#### EXERCISE DETAILS
Starting at the line that contains "쿠션과 아크릴 굿즈, 모자, 마우스패드, 버튼", copy every line through the end of the records below exactly as written, leaving out pictures.

#### MATERIAL PROVIDED
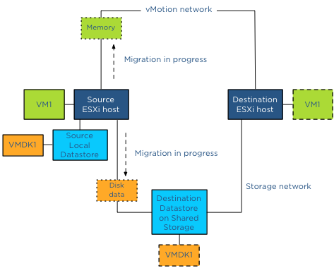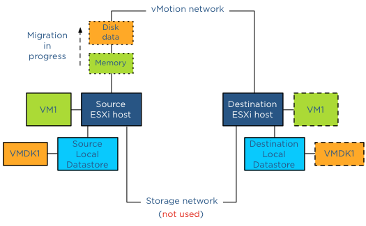 What is copied first, disk data or the memory state? If data is copied from non-shared datastores, vMotion must migrate the disk data and the memory across the vMotion network. It must also process additional changes that occur during the copy process. The challenge is to get to a point where the number of changed blocks and memory are so small that they can be copied over and switch over the virtual machine between the hosts before any new changes are made to either disk or memory. Usually the change rate of memory is much higher than the change rate of disk and therefore the vMotion process start of with the bulk copy of the disk data. After the bulk data process is completed and the mirror mode driver processes all ongoing changes, vMotion starts copying the memory state of the virtual machine. But what if I share datastores between hosts; can I still use this feature and leverage the storage network? Yes and this is very cool piece of code, to avoid overhead as much as possible, the storage network will be leveraged if both the source and destination host have access to the destination datastore. For instance, if a virtual machine resides on a local datastore and needs to be copied to a datastore located on a SAN, vMotion will use the storage network to which the source host is connected. In essence a Storage vMotion is used to avoid vMotion network utilization and additional host CPU cycles.
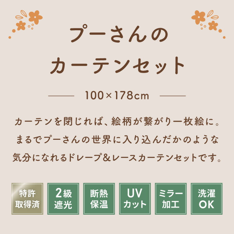 プーさんの2級遮光カーテンとレースカーテンの4枚セットです。
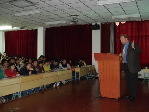 Simon Handley 先生此次来beat365了解此项目的进展情况,并对现有在校9位学生进行了面试,对beat365的教学表示了肯定。当日下午对国际教育学院06级新生介绍了英国概况。
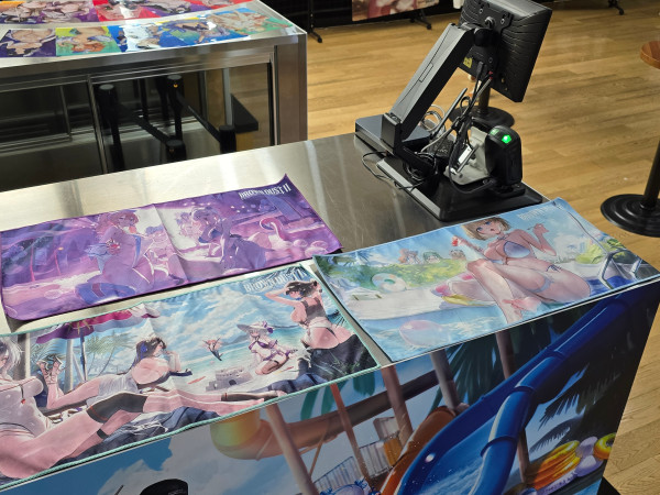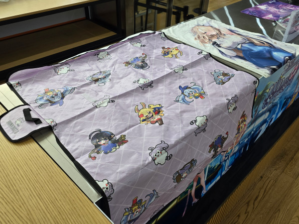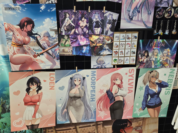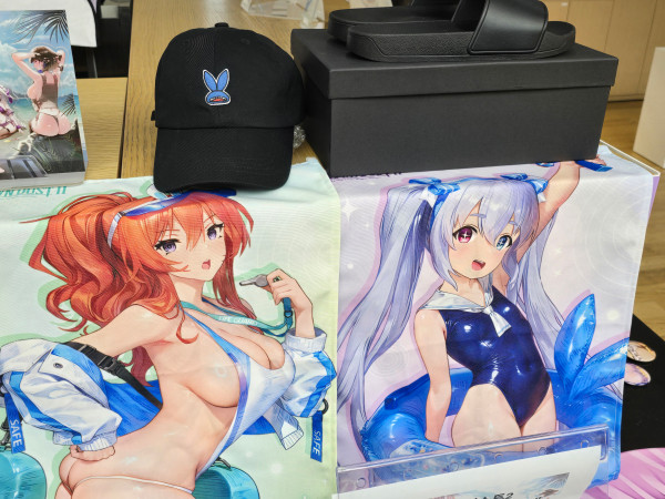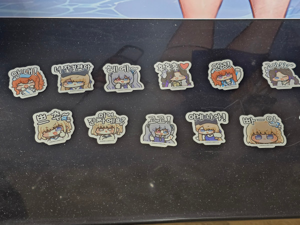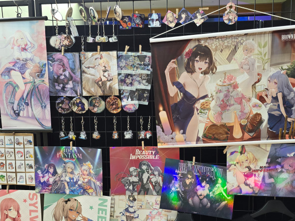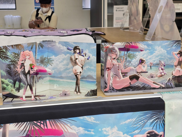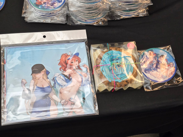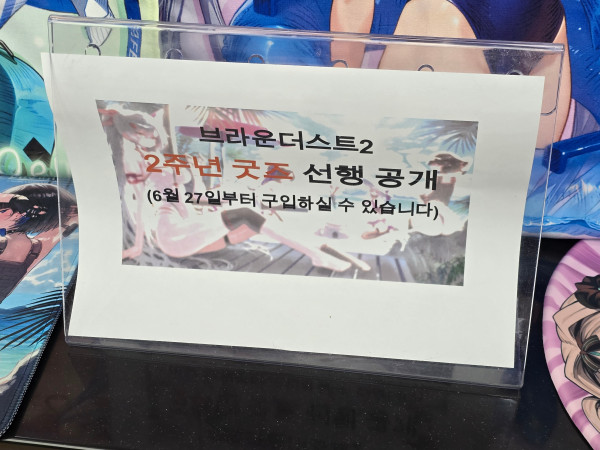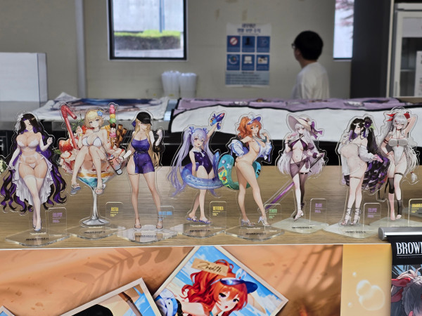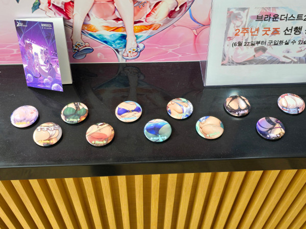 쿠션과 아크릴 굿즈, 모자, 마우스패드, 버튼 등 다양한 굿즈들이 전시됐다. 여름을 맞아 시원한 모습의 캐릭터들의 굿즈가 주로 제작된다.
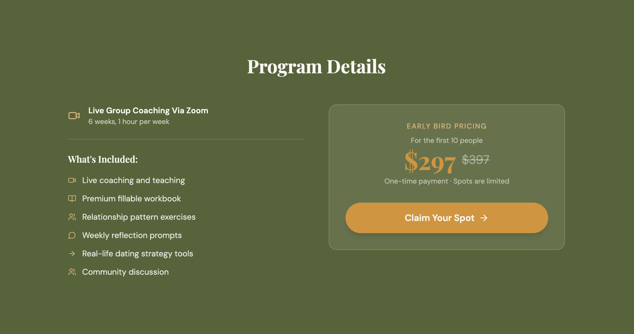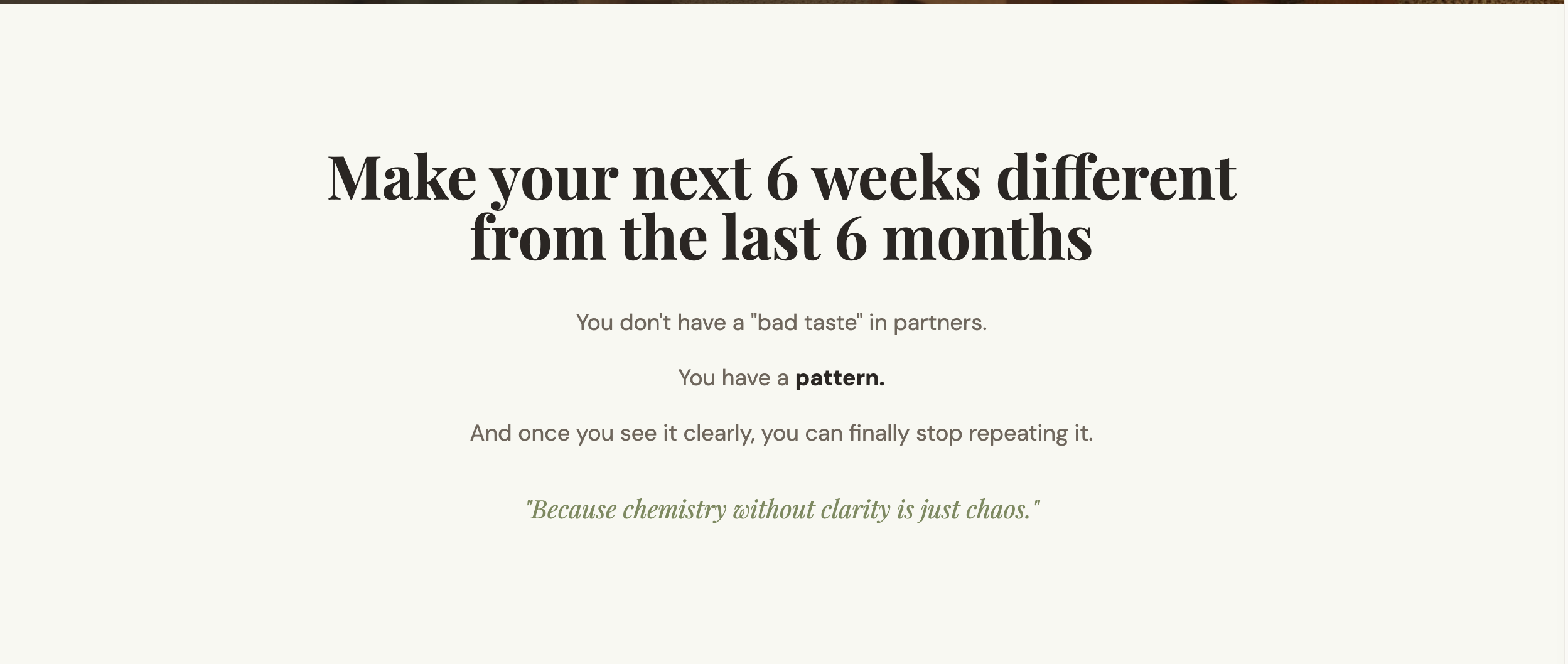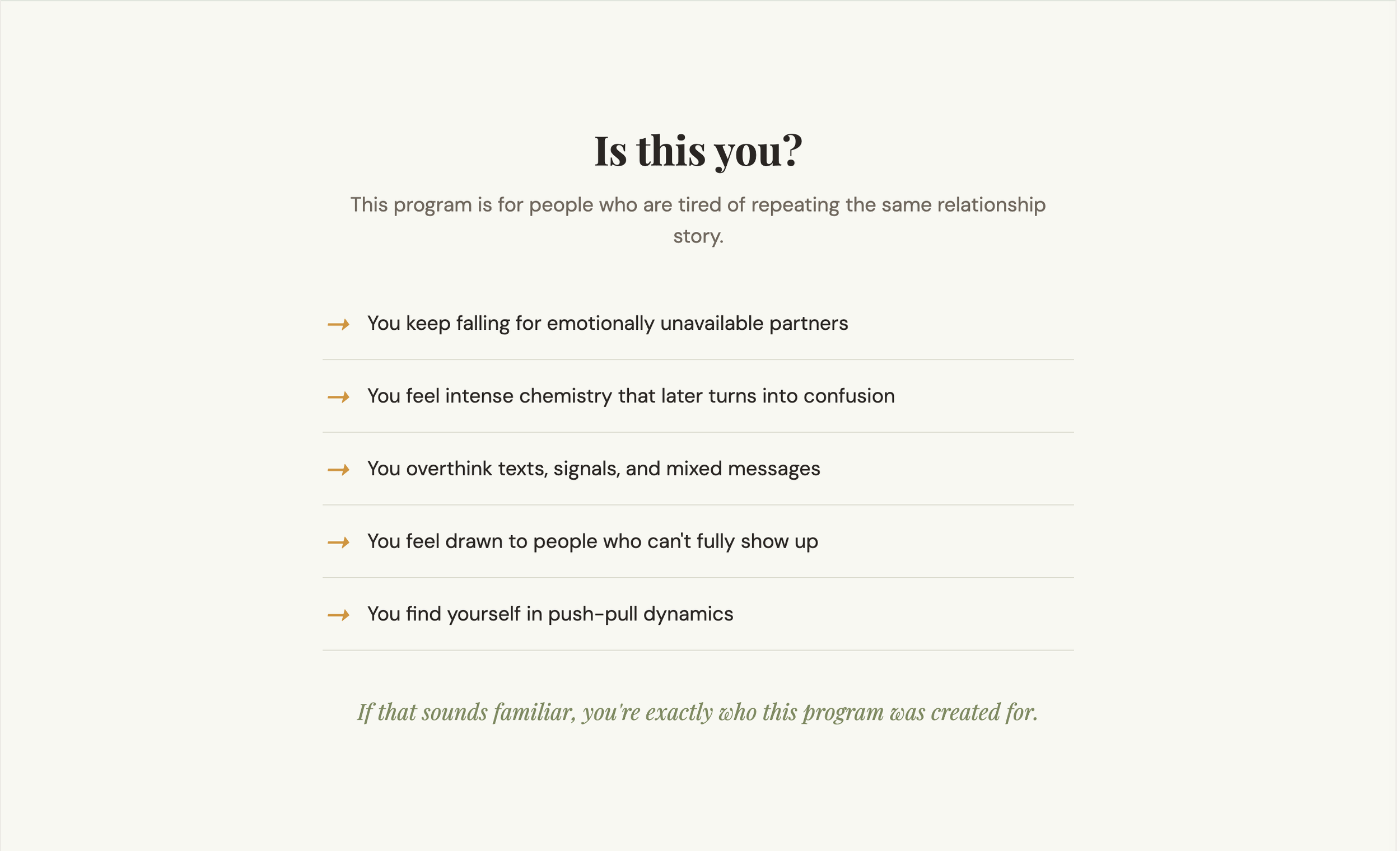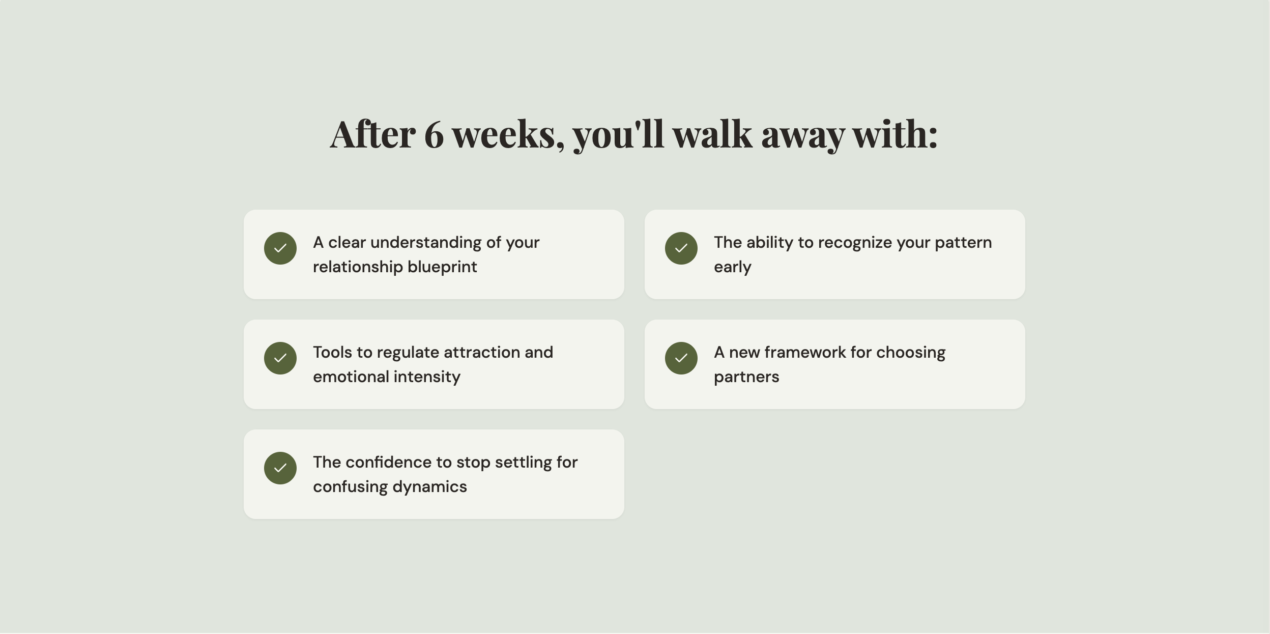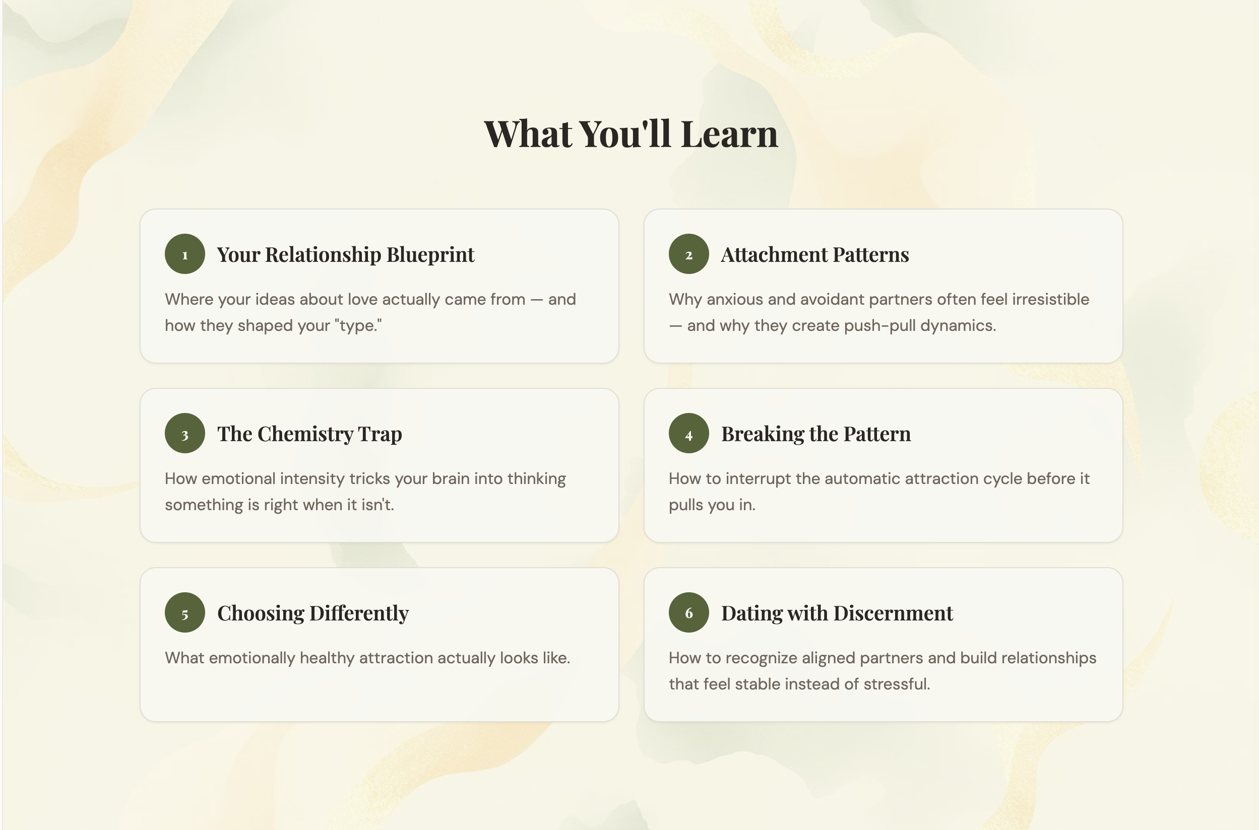In this program, we’ll break down the psychology behind your relationship patterns and teach you how to choose differently. Not through dating rules or surface-level advice. But through real psychological insight and practical tools.

#### TASK SOLUTION
 쿠션과 아크릴 굿즈, 모자, 마우스패드, 버튼 등 다양한 굿즈들이 전시됐다. 여름을 맞아 시원한 모습의 캐릭터들의 굿즈가 주로 제작된다.
In this program, we’ll break down the psychology behind your relationship patterns and teach you how to choose differently. Not through dating rules or surface-level advice. But through real psychological insight and practical tools.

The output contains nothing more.